Красавец был мужчина, высокий, косая сажень в плечах, шевелюра черная как смоль, глаза горят, весь так и рвется в бой. Дела-то раньше, сам знаешь, какие слушались, все больше бытовуха, поножовщина, хулиганство, изнасилования, изредка расхитители попадались, только расхищать в этом городе особенно нечего было, разве что колесные пары из депо кто домой укатит, чтобы потом на них дрова пилить. Вот и пропадал наш Иван Сергеевич целыми сутками в наполненном сквозняками довоенном еще зале суда, в окружении кубанских казачек – народных заседательниц.
Так бы и захирел совсем, но появись на горизонте путеводная звезда в образе исключительно одаренной во всех отношениях юной адвокатессы Ларисы Масленниковой. Красотой ее природа не обделила, не знойная, конечно, женщина, но вполне себе мечта поэта. И главное, являла она собой разительнейший контраст с типичными совковыми тетками в сером, когда ни рожи ни кожи, только производственные достижения. А Лариса, кроме всего прочего, была еще и умна. Просто Цицерон в юбке, Плевако перекрестного допроса. Когда она в суде говорила, так даже суровые мужики украдкой слезы со щек смахивали, а уж впечатлительные барышни просто рыдали от умиления и жалости к несчастным обвиняемым, которые совершенно случайно оступились на тернистом жизненном пути, но уже до дна испили горькую чашу раскаяния.

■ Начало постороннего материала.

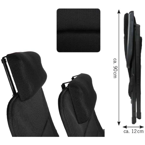 Der hochwertige Campingstuhl Malaga Breeze Plus mit luftigem 3D-Mesch-Gewebe und einem ausziehbaren Kopfteil. Damit können Sie die Höhe der Kopfstütze individuell einstellen und haben ein kleines Gewicht. Die Rückenlehne ist 7-fach verstellbar. Der edle Look wird durch das schwarze Aluminium-Gestell und die extra hohe Querstrebe für mehr Beinfreiheit vervollständigt. Mit der bequem gepolsterten Sitzfläche und Rückenlehne erleben Sie absoluten Komfort. Lieferung ohne Packtasche.

Начинала она с гражданских дел, но скоро ей это приелось, в уголовных делах нашлось гораздо больше простора для ее ораторского таланта. Так она и встретилась с Уткиным. То есть знали они, конечно, друг друга и раньше, жрецов юстиции в Тихорецке по пальцам можно было пересчитать, но только в зале суда Иван Сергеевич смог оценить ее по-настоящему и, основательно покопавшись в душе, обнаружил там семя любовной страсти…
– Костя, ты же не в Думе, откуда столько велеречивости?! Давай, может, покороче… – не выдержал, наконец, Турецкий, но Меркулов уже по самую макушку погрузился в воспоминания молодости и извлечь его оттуда в ближайшие часа два не представлялось возможным.
Он продолжал, мечтательно глядя поверх очков куда-то внутрь себя:
– Скоро сказка сказывается… Но человеком наш Уткин был чрезвычайно гордым и потому не бросил свое сердце к ногам Ларисы, опасаясь, что будет оно раздавлено изящным Ларисиным каблучком. Затаил он эту страсть в себе и ходил вокруг Масленниковой, как волк вокруг добычи, наблюдая, не пробудилось ли в ней ответное чувство. И представь себе, пробудилось.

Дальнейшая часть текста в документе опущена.